With an identical 12% rise in both the best-sellers total and the overall total, it’s clear that the backlist was neither outpacing or underperforming the frontlist by much. The “off-the-charts” sales not in Diamond’s Top 300 comics or Top 100 Trades each month of the year totaled $94.92 million in 2006, versus $84.96 million in 2005, up 12%. Backlist growth has been significantly outpacing growth in the frontlist in recent years.
2006 was more about the new, which should serve the industry well as that new material migrates into the backlist.
Comics unit sales: The Top 300 comic books had retailer orders of 6.97 million copies in December, up 6% over December 2005, which had the same number of shipping weeks (four).
For 2006, the Top 300 comics from each month have sold a combined 81.85 million copies, an increase of 8% over the 76.13 million copies sold in the period in the previous year. (Year-over-year statistics for 2006 are summarized here.)
It’s the first time we’ve sold more than 80 million copies from the Top 300 since 1998, when sales were 84.45 million. Unit sales were up month-over-month for 10 out of 12 months in 2006.
DC’s two issues of Justice League of America topped the list, with #4 selling 136,700 copies.
With Marvel and DC again taking up nearly two-thirds of the Top 300, most of the offerings from other publishers were forced further down or off the list. Only 30 publishers placed titles in the Top 300, with no new publishers cracking the list at all.
Comics dollar sales: The Top 300 comic books had sales worth $21.94 million in December, 10% more than December 2005.
For 2006, the Top 300 comics from each month sold a combined $252.18 million, an increase of 14% over the $221.73 million worth sold in the same period in the previous year.
Comics dollar sales were up 12 months out of 12 in 2006, and $252 million is higher than for any year since we’ve been tracking. Itemized Top 300 sales are only available since 1997; 1996’s Top 300s probably totaled more than $300 million.
Trade paperbacks: The Top 100 Trade Paperbacks and graphic novels reported by Diamond had orders worth $3.79 million at full retail in December, a drop of 2% versus December 2005. It’s the second consecutive month the total has dropped year-over-year.
For 2006, the Top 100 Trades for each month totalled $48.45 million, up 6% from the same period in the previous year, when sales were $45.84 million.
Adding the Top 100 trades to the Top 300 Comics for the month yields $25.73 million, an increase of 8% over the $23.86 million ordered in the same month in 2005.
For 2006, the Top 300 Comics and the Top 100 Trade Paperbacks from each month had orders worth $300.63 million, 12% over the $267.57 million ordered in 2005.
Again, this combined category was up every single month in 2006.

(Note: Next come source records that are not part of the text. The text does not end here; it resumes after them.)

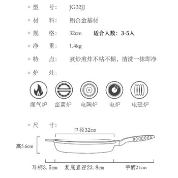 炊大皇平底不粘锅麦饭石色加大牛排煎锅32cm煎蛋饼磁炉通用巨匠JG32JJ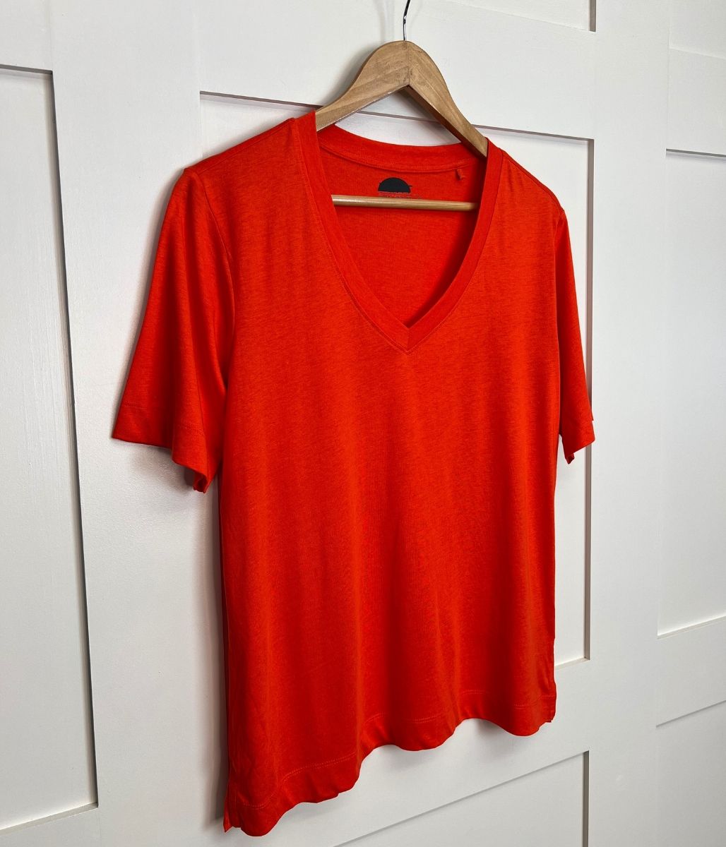 Orange Cotton Modal Slouch V-Neck T-Shirt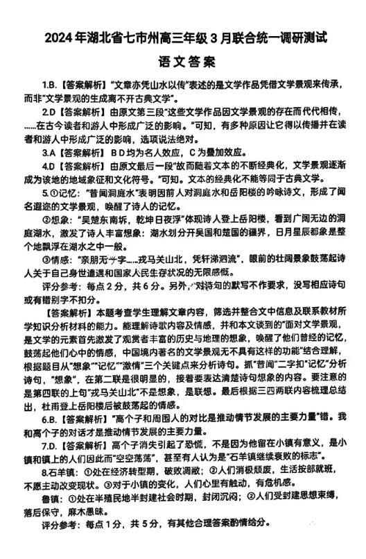 二、湖北省七市州聯(lián)考2024語文試題及答案解析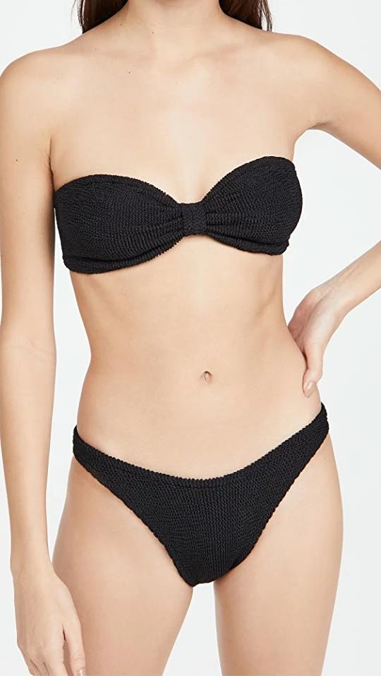 A pretty version of a simple bandeau bikini. This ruffle-trimmed Hunza G bikini set is crafted from the brand’s signature crinkle fabric, which is specifically designed to conform to your every curve.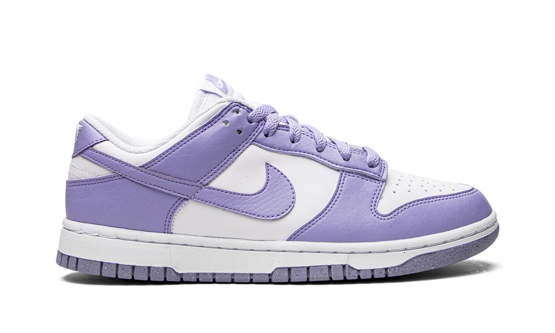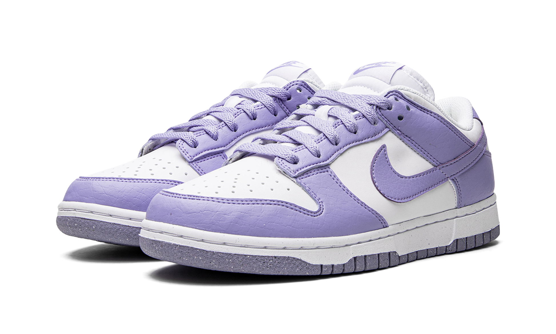 The Women’s Nike Dunk Low Next Nature “Lilac” is a women’s-exclusive colorway of the vintage basketball shoe made from at least 20% recycled content by weight. The eye-pleasing “Lilac” colorway was released as part of the “Move to Zero” campaign by Nike that aims to reduce the brand’s carbon footprint. The shoe features a white leather base with Lilac-colored leather overlays and Swoosh branding. White “Nike” embroidery appears on the heel. Lilac “Nike” and Swoosh detailing can be found on the tongue tag. The shoe’s design is rounded into form with a white rubber midsole and Lilac outsole with speckle detailing. The outsole is made from Nike’s sustainable Grind rubber. Release date: July 16, 2022 Next Nature Lilac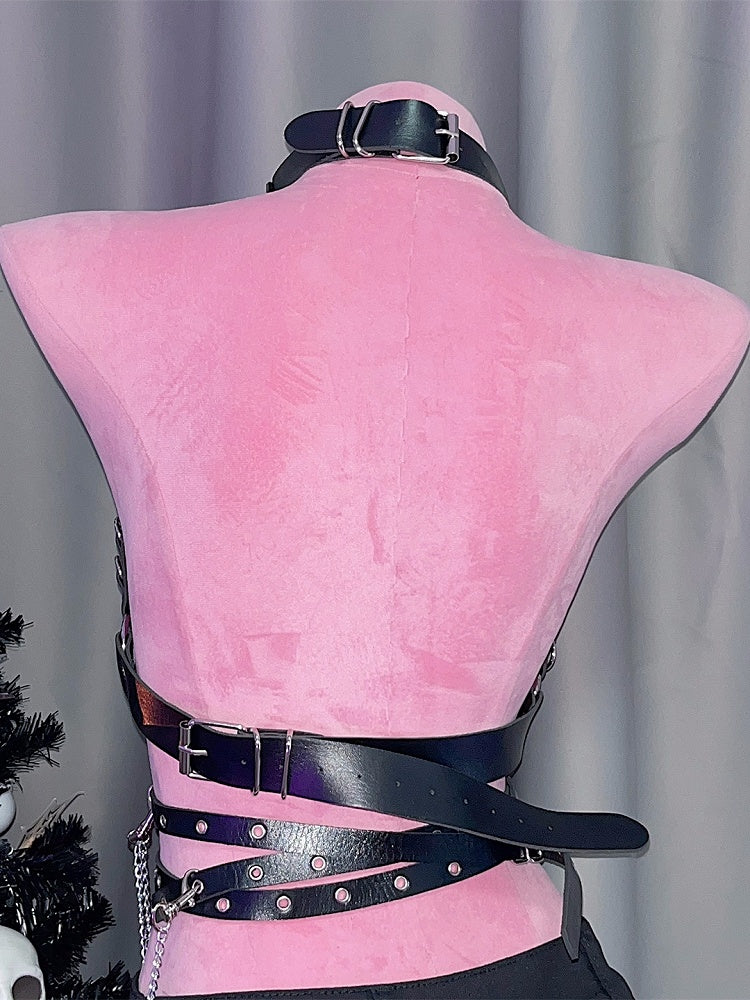 Black Punk Studs Details PU Chest Chain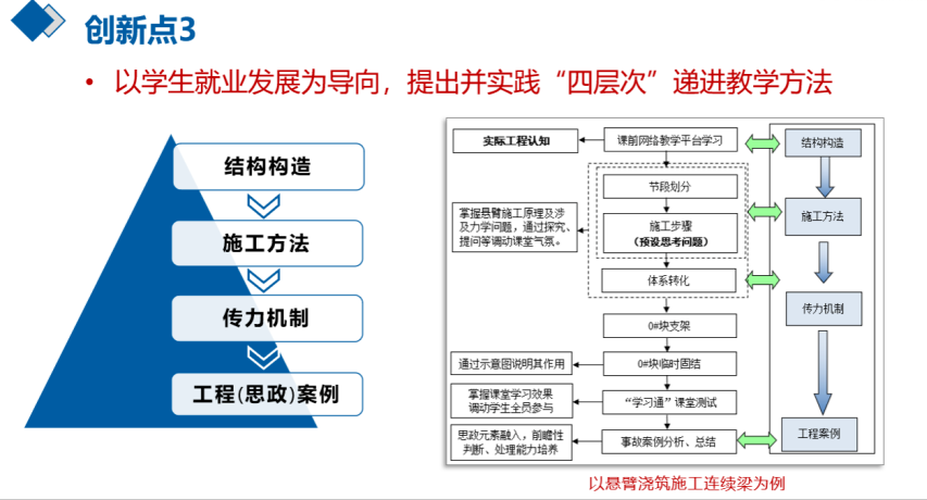 3.以学生就业发展为导向,提出并实践了“结构构造→施工方法→传力机制→工程(思政)案例”的“四层次递进”教学方法。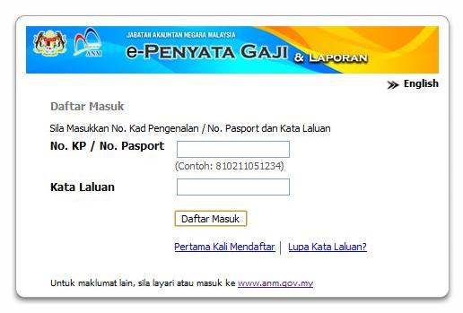 Login Slip Gaji Online E Penyata Gaji Laporan Anm Skoloh

Exclusive: Diamond’s “overall” sales: The December 2006 total was $323.62 million, which increases to $37.55 million, when Diamond’s estimated United Kingdom orders are added. The figure is up 6% from the $31.63 million ordered in the U.S. in December 2005. Again, overall, the year finished at $395.55 million in North America, an increase of 12% over 2005’s total of $352.33 million.
The “overall” category overstates comics’ actual performance to the extent that magazines that do not have comics content are included. The comics publishers’ market shares would actually be slightly higher, if ancillary items were removed.
Market shares: Marvel and DC placed almost as many comics in the Top 300 in December as they did in November, which had one more shipping week. DC placed 97, and Marvel placed 91. Image edged back in front of Dark Horse in all categories, were Dark Horse had surpassed it in all categories in November.
Price analysis: The average comic book on Diamond’s Top 300 list cost $3.28, up from $3.27 in the same month in 2005.
The weighted average price – that is, the cost of the average comic book Diamond sold – was $3.15, up from $3.05 last year.
The average price of the comics that made the Top 25 was $3.09.
Unit Sales for Diamond’s Top 300 Comic Books (est.):
6.97 million copies
Dollar Sales for Diamond’s Top 300 Comic Books (est.):
Dollar Sales for Diamond’s Top 100 Trade Paperbacks (est.):
Combined Dollar Sales for Diamond’s Top 300 Comics and Top 100 TPBs (est.) :
OVERALL U.S. Dollar Sales for Diamond’s Comics, Trade Paperbacks, and Magazines (est.):
Average price of comic books in Diamond’s Top 300:
Average price of comic books in Diamond’s Top 300, weighted by orders:
Comichron founder John Jackson Miller has tracked the comics industry for more than 25 years, including a decade editing the industry’s retail trade magazine; he is the author of several guides to comics, as well as more than a hundred comic books for various franchises.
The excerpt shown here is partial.